Instructions to follow — Reproduce, exactly and only, the lines of the data that follows from the one containing "De voltallige bezetting" down to the one containing "Pretty Lilies Baby", without pictures.

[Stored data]
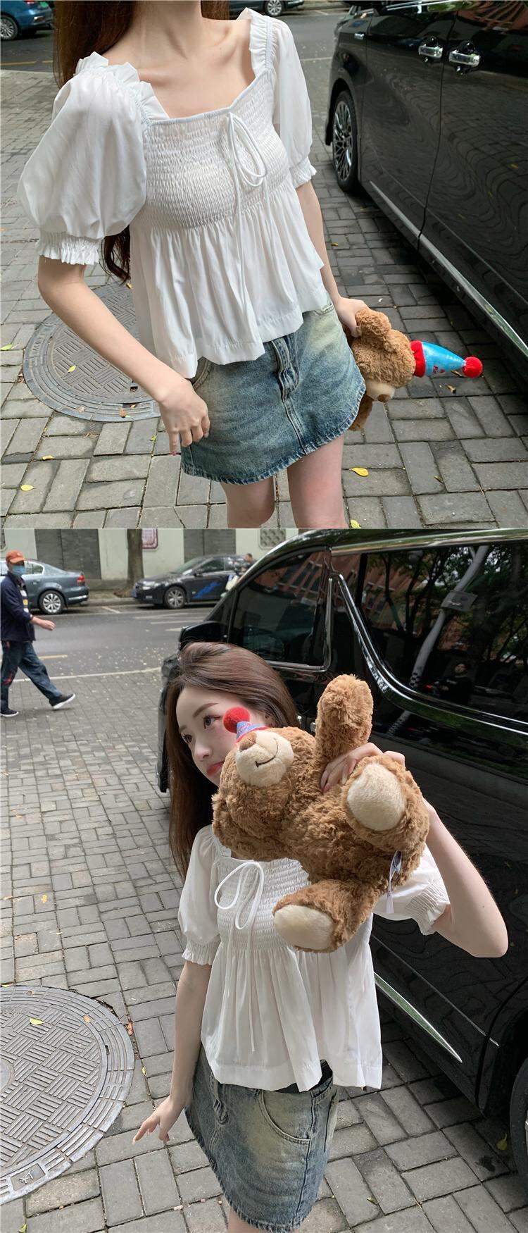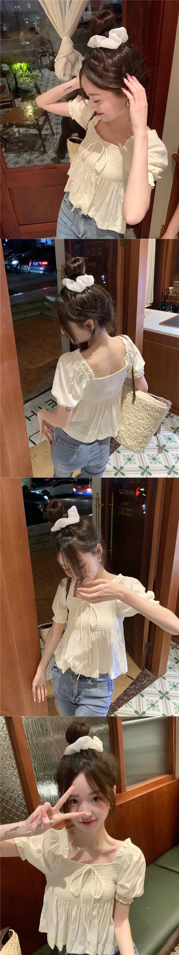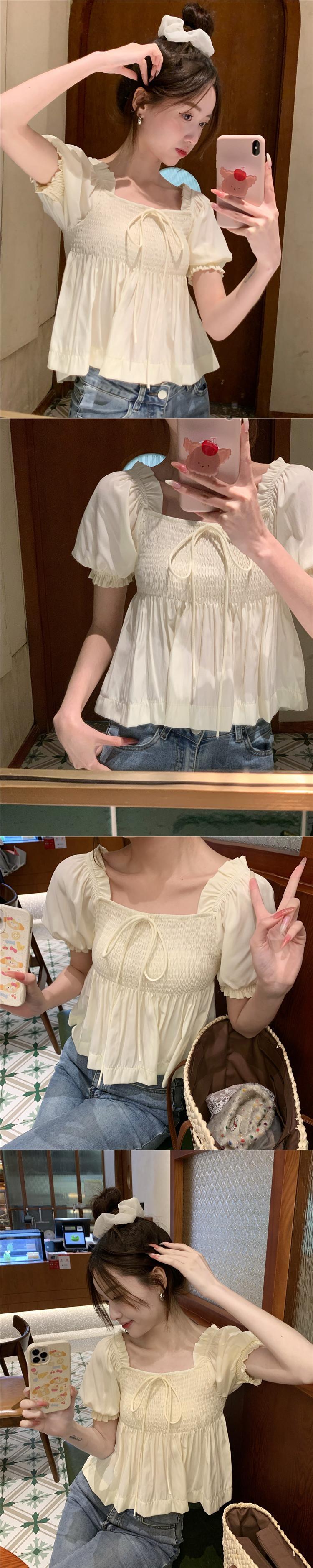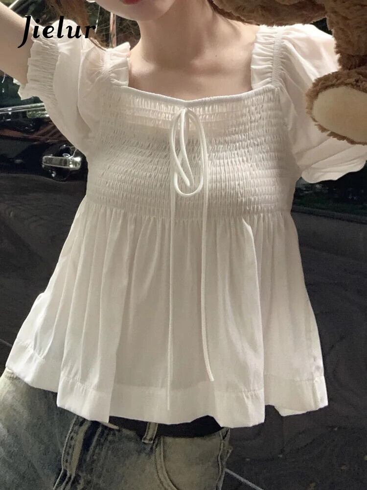送料無料 Jielur 夏フレンチスリム女性ブラウスルーズレースアップ甘いブラウス女性白アプリコットシックなパフスリーブトップ ホワイト 大人ガーリー スウィート キュート カジュアル サマー 夏物 AE12188787831720398997
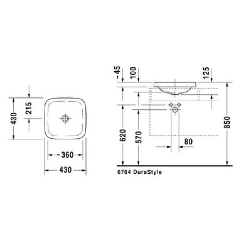 Схема с размерами керамической раковины Duravit DuraStyle (0372430000)
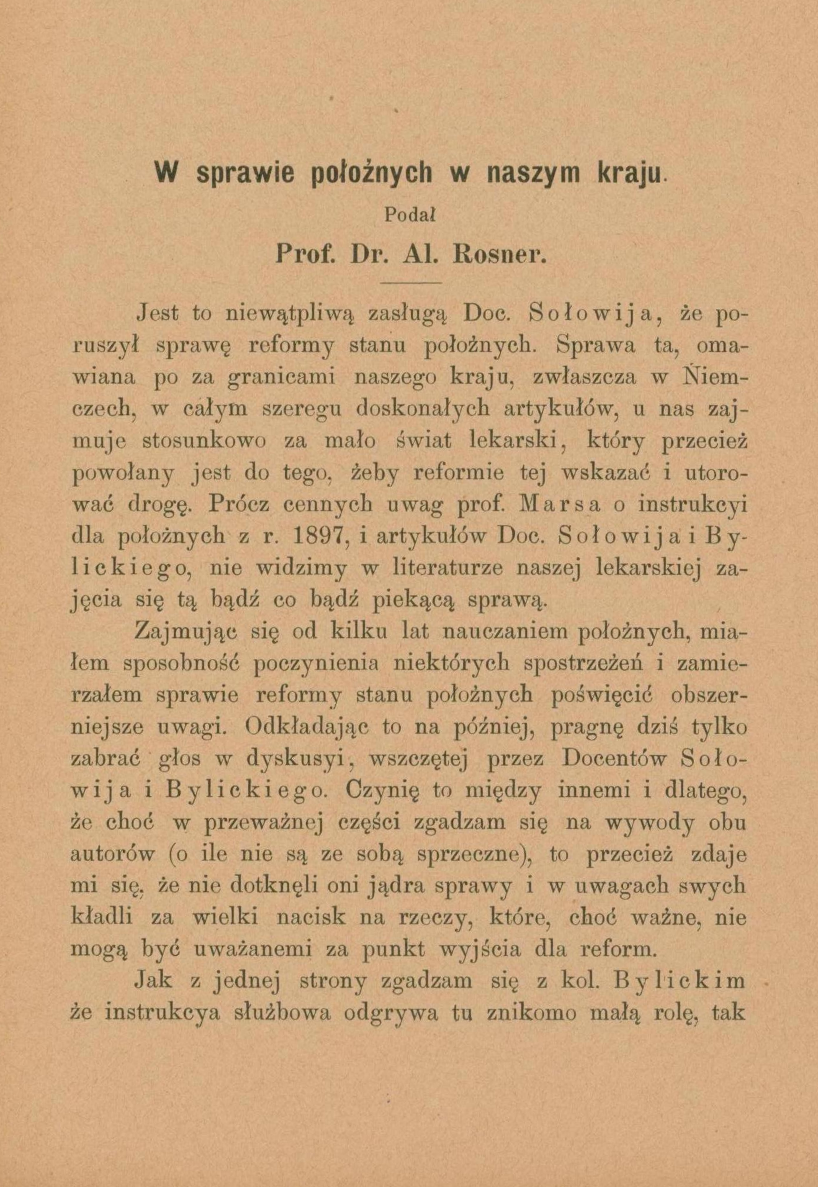 W sprawie położnych w naszym kraju / Al. Rosner. - Kraków, 1902
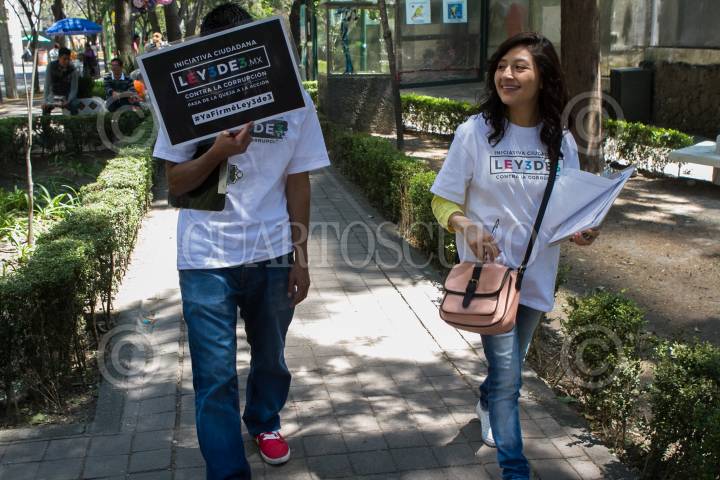 CIUDAD DE MÉXICO, 13MARZO2016.- Promotores de la Iniciativa Ciudadana Ley 3DE3, que busca que los funcionarios públicos hagan públicas tres declaraciones: declaración patrimonial, de intereses y fiscal. Además, define reglas claras de conducta para los servidores públicos y actores privados, así como sanciones para los corruptos, llevó a cabo una jornada nacional para buscar recolectar 120 mil firmas de ciudadanos, y que a través de este método se pueda promover dentro del congreso como una iniciativa de ley ciudadana. FOTO: MOISÉS PABLO /CUARTOSCURO.COM
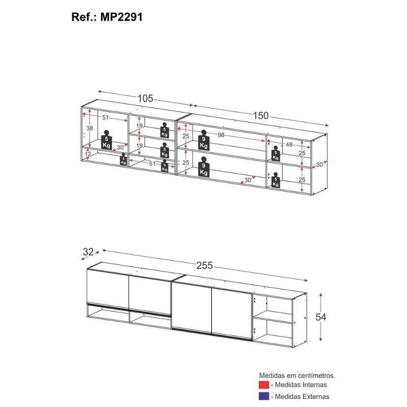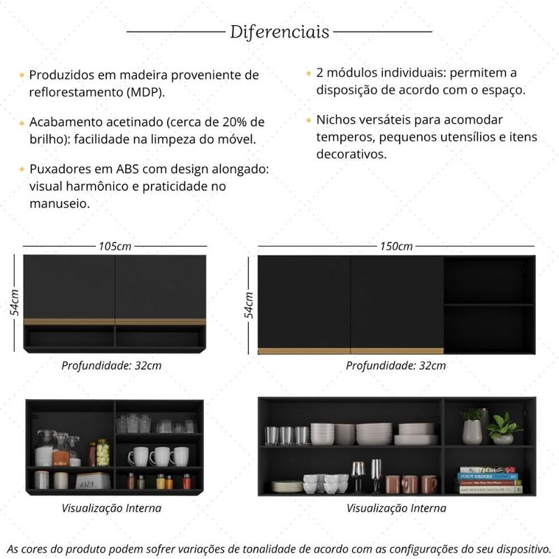 Casa e DecoraçãoMóveisArmário de CozinhaKit Armário Cozinha Aéreo 105cm com Aéreo 150cm Veneza Multimóveis MP2291
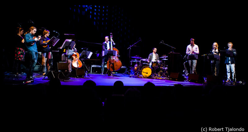 De voltallige bezetting van Stephanie Francke's The Nine, met daarin trompettist Leonard Evers. New Cool Collective.
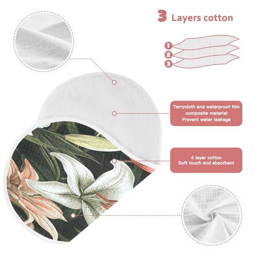 Pretty Lilies Baby Burp Cloths, Cotton Soft Absorbent Burp Cloth, Baby Bib Cloths Spit Up Rags for Newborn Boys Girls, 2 Pack, 22”x11” 5
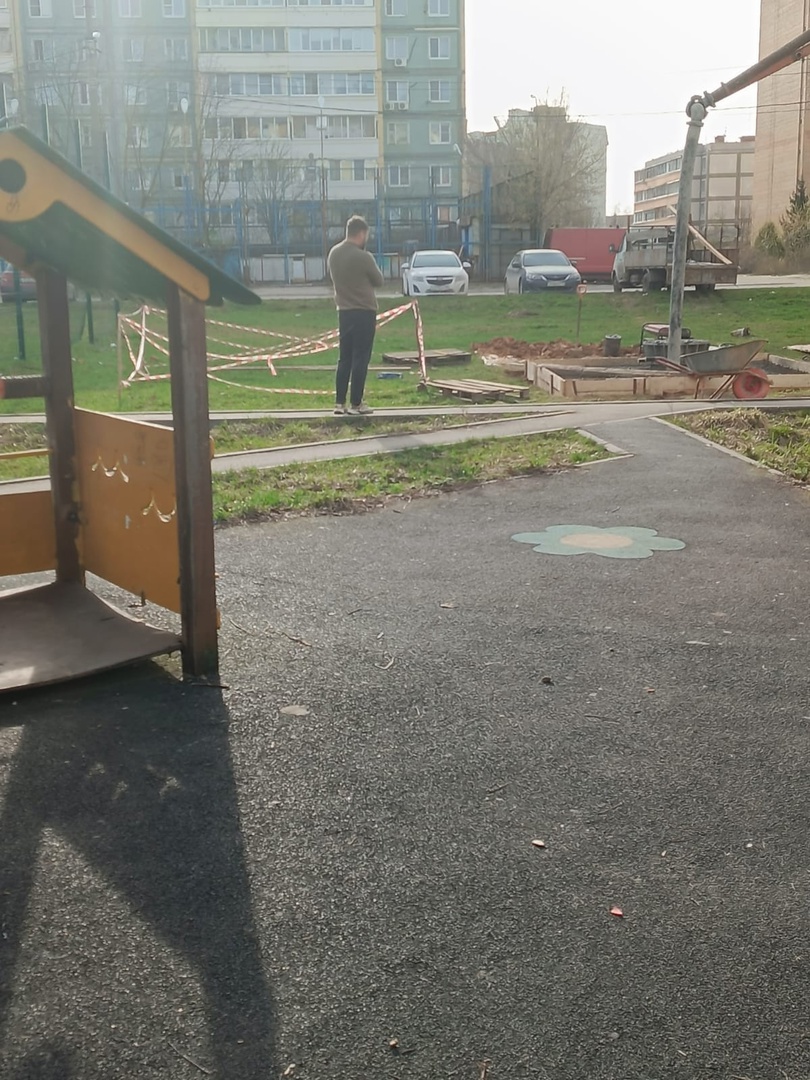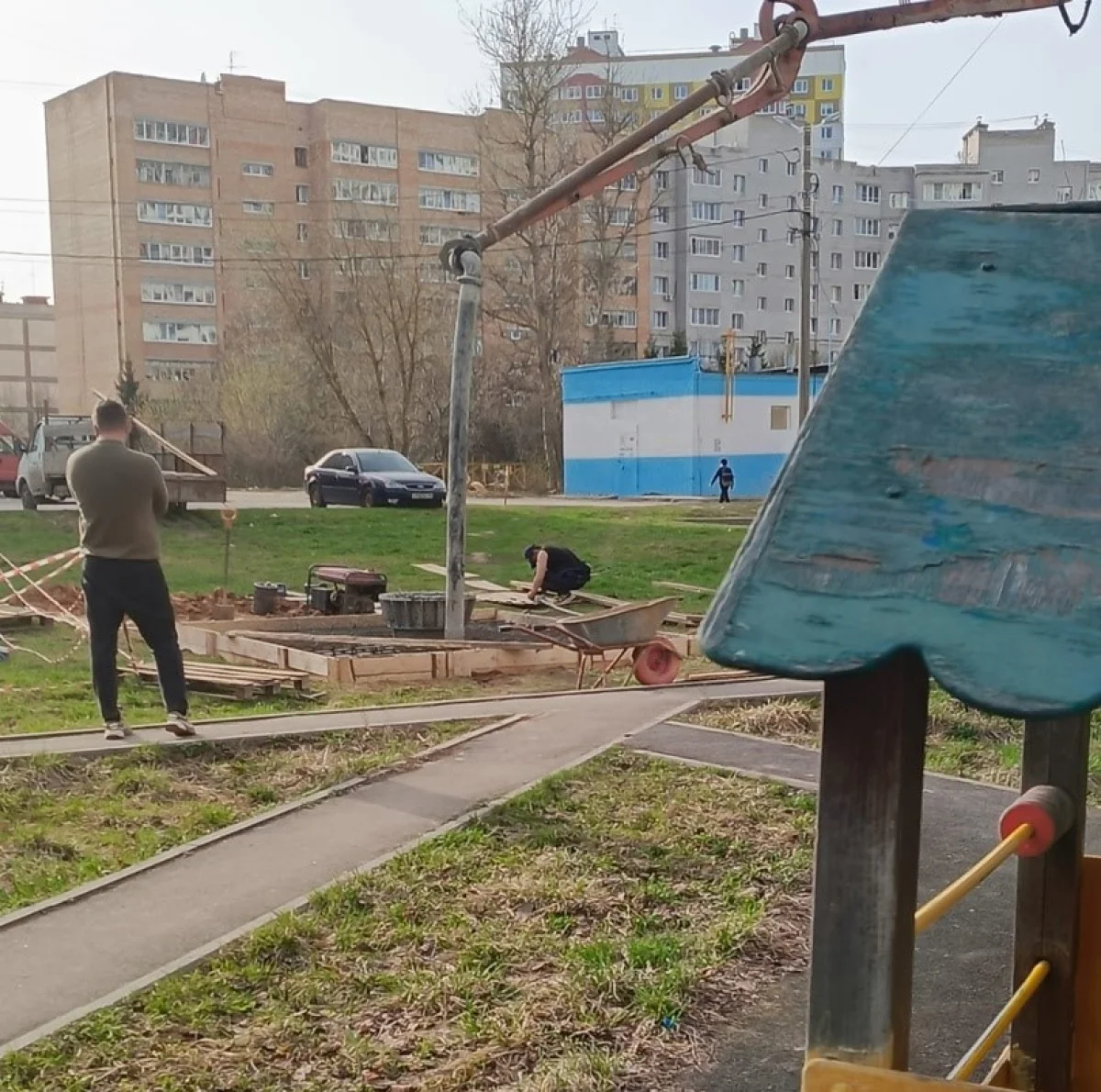 В редакцию обратилась калужанка и сообщила, что во дворе их дома рабочие заливают основание для вышки сотовой связи.

Written answer —
 De voltallige bezetting van Stephanie Francke's The Nine, met daarin trompettist Leonard Evers. New Cool Collective.
 Pretty Lilies Baby Burp Cloths, Cotton Soft Absorbent Burp Cloth, Baby Bib Cloths Spit Up Rags for Newborn Boys Girls, 2 Pack, 22”x11” 5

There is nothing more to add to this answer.